3.6.3. Evaluation Strategy for End-to-End Performance

The end-to-end performance is assessed using quantitative and qualitative metrics to evaluate detection, classification, and response effectiveness:
  • Quantitative Metrics: Detection rate (proportion of malicious samples correctly identified and classified), false positive rate (benign samples incorrectly flagged or misclassified), and classification accuracy.
  • Qualitative Metrics: Countermeasure quality, assessed for relevance (specificity to the threat), alignment (with IoT security best practices) [23,24,25,26,27,28], and actionability (feasibility in smart home settings).
The evaluation utilizes a test set of 10,000 samples to ensure a robust assessment across diverse threat scenarios, with results validated through both statistical and qualitative analysis.

4. Results Analysis and Discussion

4.1. Dataset Preparation Results and Analysis

4.1.1. Preprocessing Results

For unsupervised feature selection, PCA was applied to benign samples, identifying features that contribute to 92% of the variance in normal traffic, which is critical for VAE anomaly detection. Key contributors included resp_bytes, missed_bytes, service_encoded, and duration, as shown in Table 5. The selected features (resp_bytes, missed_bytes, service_encoded, duration, proto_encoded, conn_state_encoded, resp_pkts, resp_ip_bytes, history_encoded) capture essential patterns in benign traffic, supporting the VAE’s ability to model normal behavior.
For supervised feature selection, Chi-Square tests were applied to all samples (benign and malicious), identifying features with a significant statistical association with the five threat classes (Benign, C&C, DDoS, Okiru, and Horizontal Port Scan). The selected features (orig_bytes, resp_bytes, orig_ip_bytes, duration, conn_state_encoded, history_encoded, orig_pkts, proto_encoded, service_encoded) were used for BERT classification.
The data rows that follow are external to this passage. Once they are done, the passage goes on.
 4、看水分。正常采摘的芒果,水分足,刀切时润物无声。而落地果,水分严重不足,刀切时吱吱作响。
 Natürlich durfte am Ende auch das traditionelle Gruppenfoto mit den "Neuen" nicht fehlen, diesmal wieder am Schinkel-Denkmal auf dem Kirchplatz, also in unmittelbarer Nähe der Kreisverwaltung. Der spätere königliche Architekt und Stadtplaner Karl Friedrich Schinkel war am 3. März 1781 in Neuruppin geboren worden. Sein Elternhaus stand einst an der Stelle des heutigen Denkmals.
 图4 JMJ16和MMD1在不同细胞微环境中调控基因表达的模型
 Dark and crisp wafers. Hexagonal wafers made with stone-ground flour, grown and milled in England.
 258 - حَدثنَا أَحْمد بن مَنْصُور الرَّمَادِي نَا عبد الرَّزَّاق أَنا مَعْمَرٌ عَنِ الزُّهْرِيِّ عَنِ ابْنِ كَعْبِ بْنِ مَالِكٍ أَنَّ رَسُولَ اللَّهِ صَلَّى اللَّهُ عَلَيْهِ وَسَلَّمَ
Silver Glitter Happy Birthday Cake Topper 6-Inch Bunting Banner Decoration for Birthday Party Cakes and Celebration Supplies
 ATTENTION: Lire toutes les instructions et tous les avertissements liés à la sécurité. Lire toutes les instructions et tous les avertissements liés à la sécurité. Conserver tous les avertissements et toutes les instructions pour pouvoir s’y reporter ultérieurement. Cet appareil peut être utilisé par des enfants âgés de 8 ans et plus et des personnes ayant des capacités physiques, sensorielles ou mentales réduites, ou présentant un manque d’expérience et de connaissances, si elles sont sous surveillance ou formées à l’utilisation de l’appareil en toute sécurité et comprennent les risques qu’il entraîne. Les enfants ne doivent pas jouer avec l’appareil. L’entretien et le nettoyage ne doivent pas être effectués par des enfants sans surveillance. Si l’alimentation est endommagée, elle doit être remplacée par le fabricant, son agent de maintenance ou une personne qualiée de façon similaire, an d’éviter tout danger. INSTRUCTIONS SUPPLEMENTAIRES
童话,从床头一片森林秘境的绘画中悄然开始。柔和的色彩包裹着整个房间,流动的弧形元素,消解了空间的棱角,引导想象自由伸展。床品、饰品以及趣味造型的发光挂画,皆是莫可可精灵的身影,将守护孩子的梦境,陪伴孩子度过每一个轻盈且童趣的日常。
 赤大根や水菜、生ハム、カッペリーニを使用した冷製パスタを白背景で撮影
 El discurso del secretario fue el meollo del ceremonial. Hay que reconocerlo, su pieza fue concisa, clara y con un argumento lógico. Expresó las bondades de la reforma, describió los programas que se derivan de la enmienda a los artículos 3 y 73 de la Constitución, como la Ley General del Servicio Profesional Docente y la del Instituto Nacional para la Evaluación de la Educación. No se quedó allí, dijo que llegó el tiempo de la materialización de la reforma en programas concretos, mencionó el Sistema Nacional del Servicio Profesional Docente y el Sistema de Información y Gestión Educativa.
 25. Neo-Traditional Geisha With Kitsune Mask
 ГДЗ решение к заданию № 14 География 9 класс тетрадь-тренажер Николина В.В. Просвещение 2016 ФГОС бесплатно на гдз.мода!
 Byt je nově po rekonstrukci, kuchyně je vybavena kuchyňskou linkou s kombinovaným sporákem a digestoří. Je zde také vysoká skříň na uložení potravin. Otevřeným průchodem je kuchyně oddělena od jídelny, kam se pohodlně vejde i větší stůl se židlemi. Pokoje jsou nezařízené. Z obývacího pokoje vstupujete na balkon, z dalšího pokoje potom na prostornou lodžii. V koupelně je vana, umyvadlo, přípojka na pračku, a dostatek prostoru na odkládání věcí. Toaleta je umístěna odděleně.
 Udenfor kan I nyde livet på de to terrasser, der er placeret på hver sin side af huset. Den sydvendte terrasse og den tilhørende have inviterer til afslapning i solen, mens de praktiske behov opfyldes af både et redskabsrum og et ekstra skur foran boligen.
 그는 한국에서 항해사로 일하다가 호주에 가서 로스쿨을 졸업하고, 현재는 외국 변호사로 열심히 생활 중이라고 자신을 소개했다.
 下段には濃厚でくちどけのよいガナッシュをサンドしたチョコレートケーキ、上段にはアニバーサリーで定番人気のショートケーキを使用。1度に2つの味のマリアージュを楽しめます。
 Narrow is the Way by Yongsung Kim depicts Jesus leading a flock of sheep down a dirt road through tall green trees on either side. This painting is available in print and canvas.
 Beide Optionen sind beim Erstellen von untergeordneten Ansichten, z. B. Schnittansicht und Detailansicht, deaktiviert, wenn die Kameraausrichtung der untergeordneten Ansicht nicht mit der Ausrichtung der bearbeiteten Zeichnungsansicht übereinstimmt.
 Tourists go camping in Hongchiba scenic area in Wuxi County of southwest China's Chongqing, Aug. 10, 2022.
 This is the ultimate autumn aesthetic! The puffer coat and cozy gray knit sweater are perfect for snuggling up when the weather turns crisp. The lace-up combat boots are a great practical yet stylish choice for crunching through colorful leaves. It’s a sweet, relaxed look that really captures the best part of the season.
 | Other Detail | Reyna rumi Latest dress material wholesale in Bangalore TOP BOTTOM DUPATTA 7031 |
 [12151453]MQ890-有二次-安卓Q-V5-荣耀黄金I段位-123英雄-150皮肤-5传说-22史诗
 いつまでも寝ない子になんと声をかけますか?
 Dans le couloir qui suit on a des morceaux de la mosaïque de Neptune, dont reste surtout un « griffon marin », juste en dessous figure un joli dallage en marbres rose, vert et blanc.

4.1.2. Preprocessing Analysis

The 92% variance retention from PCA indicates that the selected features effectively reduce dimensionality while preserving the representativeness of benign traffic, enabling the VAE to achieve a recall of 99.9% in anomaly detection. The Chi-Square test’s high scores confirm the relevance of selected features for BERT’s classification, contributing to its 99.90% accuracy across the five threat classes. The large, benign samples used for VAE training ensured comprehensive learning of normal traffic patterns, while balanced splits for BERT prevented class imbalance, enhancing classification fairness.
However, PCA’s efficiency in capturing 92% variance may overlook subtle features relevant to rare or novel attacks, as noted in [14]. Chi-Square tests evaluate the correlation between each feature and the target label in the Aposemat IoT-23 dataset, with NaN scores for missed_bytes, resp_pkts, and resp_ip_bytes indicating no quantified correlation.

4.1.3. Implications

The preprocessed dataset allowed the generative AI pipeline to function effectively, retaining 92% of the variance and ensuring access to key features. This facilitated high accuracy in anomaly detection (VAE) and threat classification (BERT), as outlined in later sections. The dataset preparation underscores the crucial role of robust preprocessing in machine learning, where data quality directly affects model performance and security results.

4.2. Anomaly Detection Performance and Analysis

The VAE effectively detected anomalies in smart home IoT network traffic, leveraging its unsupervised learning approach. This section presents the VAE’s performance metrics, analyzes their significance, and discusses implications and limitations for IoT security.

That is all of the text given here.